Restate exactly the lines from the top of the listing below to the line containing "EXCLUSIVE FOR SAXOPHON"; the remaining lines are not wanted.

[Input data]
* * * * *

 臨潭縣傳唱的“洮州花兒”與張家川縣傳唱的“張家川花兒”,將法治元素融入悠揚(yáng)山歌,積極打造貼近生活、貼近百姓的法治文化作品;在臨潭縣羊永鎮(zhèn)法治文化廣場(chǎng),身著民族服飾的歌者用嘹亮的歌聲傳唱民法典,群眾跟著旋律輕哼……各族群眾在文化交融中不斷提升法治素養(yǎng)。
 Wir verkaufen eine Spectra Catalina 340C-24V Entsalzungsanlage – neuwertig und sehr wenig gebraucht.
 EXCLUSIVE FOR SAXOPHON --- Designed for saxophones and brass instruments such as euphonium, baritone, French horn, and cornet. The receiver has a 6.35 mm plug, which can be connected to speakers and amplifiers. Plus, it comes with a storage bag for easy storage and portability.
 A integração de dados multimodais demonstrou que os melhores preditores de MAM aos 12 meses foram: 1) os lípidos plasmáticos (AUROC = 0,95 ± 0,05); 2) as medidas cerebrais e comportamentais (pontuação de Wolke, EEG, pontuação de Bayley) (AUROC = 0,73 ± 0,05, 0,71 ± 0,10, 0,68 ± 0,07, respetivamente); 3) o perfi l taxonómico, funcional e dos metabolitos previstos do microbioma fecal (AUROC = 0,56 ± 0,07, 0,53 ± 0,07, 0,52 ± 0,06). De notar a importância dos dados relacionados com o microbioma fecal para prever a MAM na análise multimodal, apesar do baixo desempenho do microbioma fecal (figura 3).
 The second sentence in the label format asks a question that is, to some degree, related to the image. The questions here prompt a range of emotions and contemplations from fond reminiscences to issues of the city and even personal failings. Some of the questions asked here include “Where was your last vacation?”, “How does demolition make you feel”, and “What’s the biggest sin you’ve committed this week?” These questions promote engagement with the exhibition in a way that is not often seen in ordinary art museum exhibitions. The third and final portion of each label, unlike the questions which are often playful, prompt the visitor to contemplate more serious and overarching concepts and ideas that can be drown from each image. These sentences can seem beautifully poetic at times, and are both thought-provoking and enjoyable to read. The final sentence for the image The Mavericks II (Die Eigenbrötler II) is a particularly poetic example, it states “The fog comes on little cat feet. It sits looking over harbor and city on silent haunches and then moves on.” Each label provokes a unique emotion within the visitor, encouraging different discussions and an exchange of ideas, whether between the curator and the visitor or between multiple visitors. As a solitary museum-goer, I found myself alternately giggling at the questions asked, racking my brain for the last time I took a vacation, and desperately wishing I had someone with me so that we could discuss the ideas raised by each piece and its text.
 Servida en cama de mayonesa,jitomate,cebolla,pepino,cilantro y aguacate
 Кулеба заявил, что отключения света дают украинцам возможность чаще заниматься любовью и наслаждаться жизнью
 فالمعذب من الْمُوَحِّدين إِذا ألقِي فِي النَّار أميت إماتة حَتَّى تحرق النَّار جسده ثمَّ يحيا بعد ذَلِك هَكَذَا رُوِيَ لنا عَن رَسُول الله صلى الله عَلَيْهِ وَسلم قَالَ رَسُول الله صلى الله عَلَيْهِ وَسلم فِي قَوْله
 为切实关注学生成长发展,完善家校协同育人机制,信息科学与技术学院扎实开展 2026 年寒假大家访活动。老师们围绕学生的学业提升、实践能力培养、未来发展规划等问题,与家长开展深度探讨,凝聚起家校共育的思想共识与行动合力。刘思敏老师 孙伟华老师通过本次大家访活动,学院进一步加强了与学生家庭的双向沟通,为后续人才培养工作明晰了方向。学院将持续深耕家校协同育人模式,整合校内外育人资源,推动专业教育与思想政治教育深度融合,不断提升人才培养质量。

* * * * *

[Written solution]
 臨潭縣傳唱的“洮州花兒”與張家川縣傳唱的“張家川花兒”,將法治元素融入悠揚(yáng)山歌,積極打造貼近生活、貼近百姓的法治文化作品;在臨潭縣羊永鎮(zhèn)法治文化廣場(chǎng),身著民族服飾的歌者用嘹亮的歌聲傳唱民法典,群眾跟著旋律輕哼……各族群眾在文化交融中不斷提升法治素養(yǎng)。
 Wir verkaufen eine Spectra Catalina 340C-24V Entsalzungsanlage – neuwertig und sehr wenig gebraucht.
 EXCLUSIVE FOR SAXOPHON --- Designed for saxophones and brass instruments such as euphonium, baritone, French horn, and cornet. The receiver has a 6.35 mm plug, which can be connected to speakers and amplifiers. Plus, it comes with a storage bag for easy storage and portability.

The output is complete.